通过以下步骤,我们将实现一个完整的训练、特征提取和预测流程。
步骤 1:环境配置与必要库的导入
首先,导入所有需要的库,包括 TensorFlow、Keras、OpenCV、Scikit-learn 等。
import numpy as np
import tensorflow as tf
from tensorflow.keras.layers import Conv2D, MaxPooling2D, Dropout, Dense, Flatten, Input
from tensorflow.keras.models import Model
from tensorflow.keras.preprocessing.image import ImageDataGenerator, img_to_array
from tensorflow.keras.callbacks import ModelCheckpoint, EarlyStopping, ReduceLROnPlateau, TensorBoard
from tensorflow.keras.optimizers import Adam
import cv2
from sklearn.linear_model import Perceptron
import sklearn.metrics as sm
import joblib
import matplotlib.pyplot as plt
步骤 2:定义数据路径与超参数
设置训练集和测试集的路径,同时定义 CNN 模型和训练所需的超参数。
chkfilepath = "/datasets/ComplexCNN_weights.keras"
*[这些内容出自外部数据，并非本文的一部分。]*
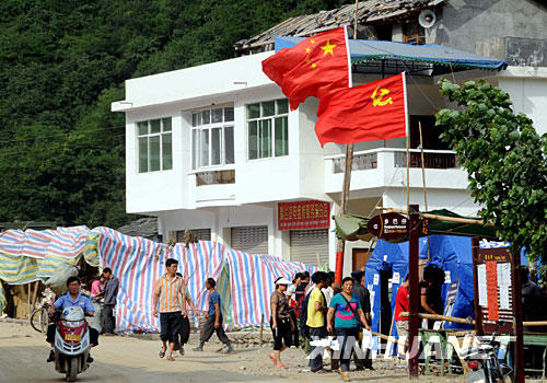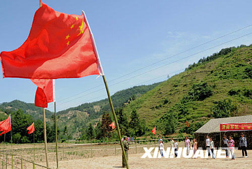 青川是大地震中受灾最严重的地区之一。地震发生后,青川县专门购置了7500多面国旗,下发到每个安置点和每家每户。到处飘扬的五星红旗极大鼓舞了人们抗震救灾的士气。 新华社记者 杨金志 摄
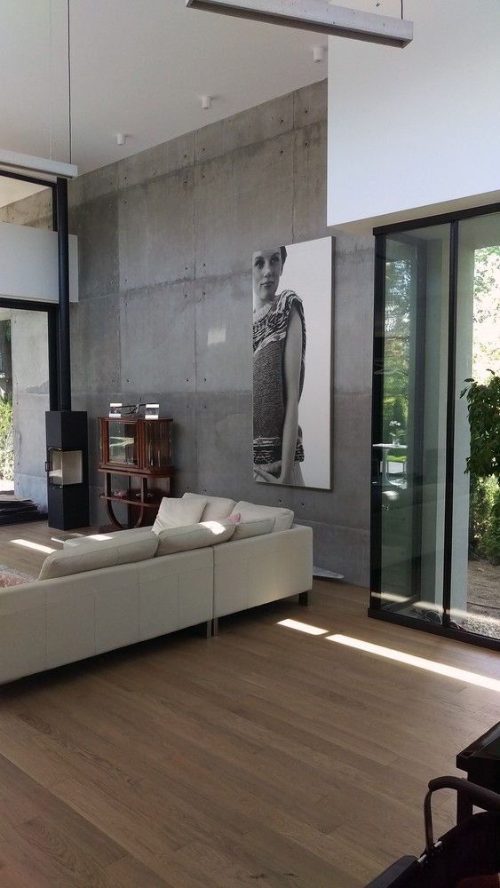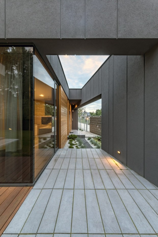 The studio built this detached house in the city of Czarnów, Poland. The owners wanted a house open to the outside, while preserving their privacy. The architects made two blocks, one block facing south, which is dark and closed, and one block facing north, higher with lighter shades of gray. The openings are at the junction of these two modules.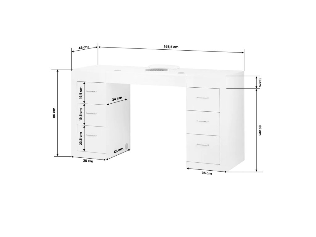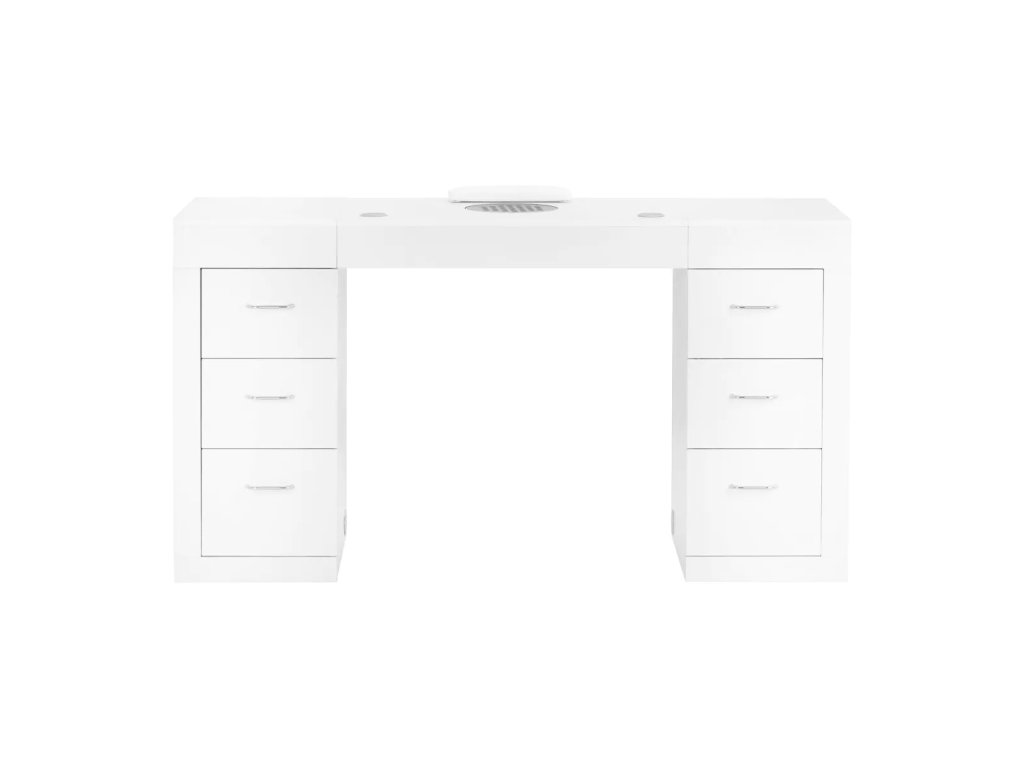 Inovativní kazetový odsávač prachu zabudovaný do pracovní desky výrazně zlepšuje pracovní komfort a hygienu tím, že účinně odstraňuje prach vznikající během kosmetických procedur jako je manikúra.

img_path = '/datasets/dataset/train/杯子/1.jpg'
train_dir = '/datasets/dataset/train'
test_dir = '/datasets/dataset/test'
model_path = "ComplexCNN_model.keras"
pkl_path = 'perceptron.pkl'
im_height, im_width = 224, 224
batch_size = 16
epochs = 50
步骤 3:数据增强与数据生成器
训练数据增强
使用 ImageDataGenerator 对训练数据进行增强。
train_image_generator = ImageDataGenerator(
rescale=1./255,
rotation_range=30,
width_shift_range=0.1,
height_shift_range=0.1,
shear_range=0.1,
zoom_range=0.1,
horizontal_flip=True,
fill_mode='nearest'
)
train_data_gen = train_image_generator.flow_from_directory(
directory=train_dir,
batch_size=batch_size,
shuffle=True,
target_size=(im_height, im_width),
class_mode='categorical'
)
验证数据生成器
对验证数据仅进行归一化处理。
validation_image_generator = ImageDataGenerator(rescale=1./255)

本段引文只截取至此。